“A fogueira”
Primeiro conto de “Vozes
Anoitecidas” e é uma boa introdução à obra de Couto. Relata a história de um
casal de idosos que vive numa grande pobreza. Eles começam a discutir sobre o
futuro incerto e a morte.
Como estão velhos e sozinhos, o marido tem uma
preocupação: saber quem enterraria a mulher se ele morresse antes dela.
Um dia o marido decidiu que ia cavar o cemitério
para a sua mulher. Dedicou-se ao buraco durante duas semanas. Ele não queria
deixar a esposa sofrer no caso de ele morrer antes. Esforçava-se muito, sem descanso
e trabalhava mesmo com o mau tempo e a chuva.
A mulher comovida, sorriu:
– Como és bom marido! Tive sorte no homem da minha vida. (A fogueira. (pág.
22)
E faz isso todos os dias,
devagar devido à idade e à pouca força.
Durante
duas semanas o velho dedicou-se ao buraco. Quanto mais perto do fim mais se
demorava. (p. 23)
Também, não comia e estava doente. No dia seguinte,
sem forças caiu. A mulher puxou-o pelos braços e trouxe-o para dentro.
Acamado, volta a ter a
preocupação pela mulher, afinal quem a colocaria na cova se ele viesse a
morrer. Por isso mesmo, decide que a cova não pode ficar sem serventia e que o
melhor a se fazer é matar a mulher antes que ele próprio morra. Ainda que seja
estranho, não se trata de uma decisão com ódio ou outro sentimento ruim.
Acredita, segundo sua visão de mundo, que esse é o correto a se fazer. A
mulher, comunicada pelo marido sobre tal decisão, aceita passivamente, sem admoestá-lo,
sem se revoltar ou falar qualquer coisa em contrário.
– É
verdade, marido. Você teve tanto trabalho para fazer aquele buraco. É uma pena
ficar assim. (p. 25)
No dia seguinte, o marido não
resiste e é encontrado morto pela mulher. Durante a noite, a velha sonhara com
os antepassados, sonhara com as histórias contadas e o sentido que faziam para
manter a integridade do grupo.

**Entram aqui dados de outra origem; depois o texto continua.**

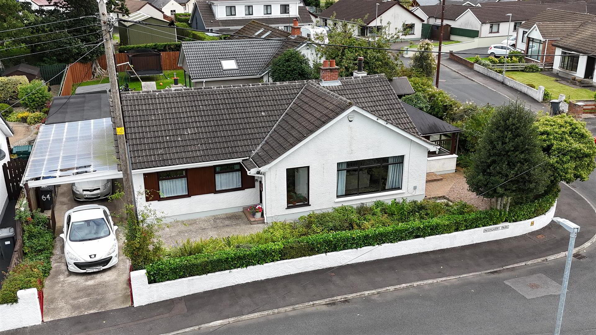 This is a superb opportunity to purchase a well appointed three bedroom detached bungalow with detached garage occupying a generous corner plot in a prime position within this sought after residential location within easy access of Antrim Castle Gardens and the town centre where all amenities and transport facilities are readily accessible. Benefiting from double glazed windows and oil-fired central heating this delightful property also boasts a spacious living room open to separate dining room with access to a well appointed kitchen with full range of solid oak high and low level units and integrated double oven and hob. In addition added conservatory leads too beautifully landscaped gardens come with a separate garden room.

O que se deve, portanto, destacar no conto é,
além da extrema pobreza em que vivem, a singeleza e a harmonia do casal, é. Se
falta riqueza material, sobram a eles exatamente elementos da cultura local, o
respeito à sabedoria dos mais velhos, o respeito às decisões.
Esse primeiro conto revela já
o contraste entre o mundo moderno, egoísta, de busca por novidades e a harmonia
de uma sociedade que, como os velhos, morrem e eles próprios têm de cavar a
própria cova. Afinal, não morreu a
mulher, mas faleceu o marido. A única coisa certa nas vidas do casal é a morte.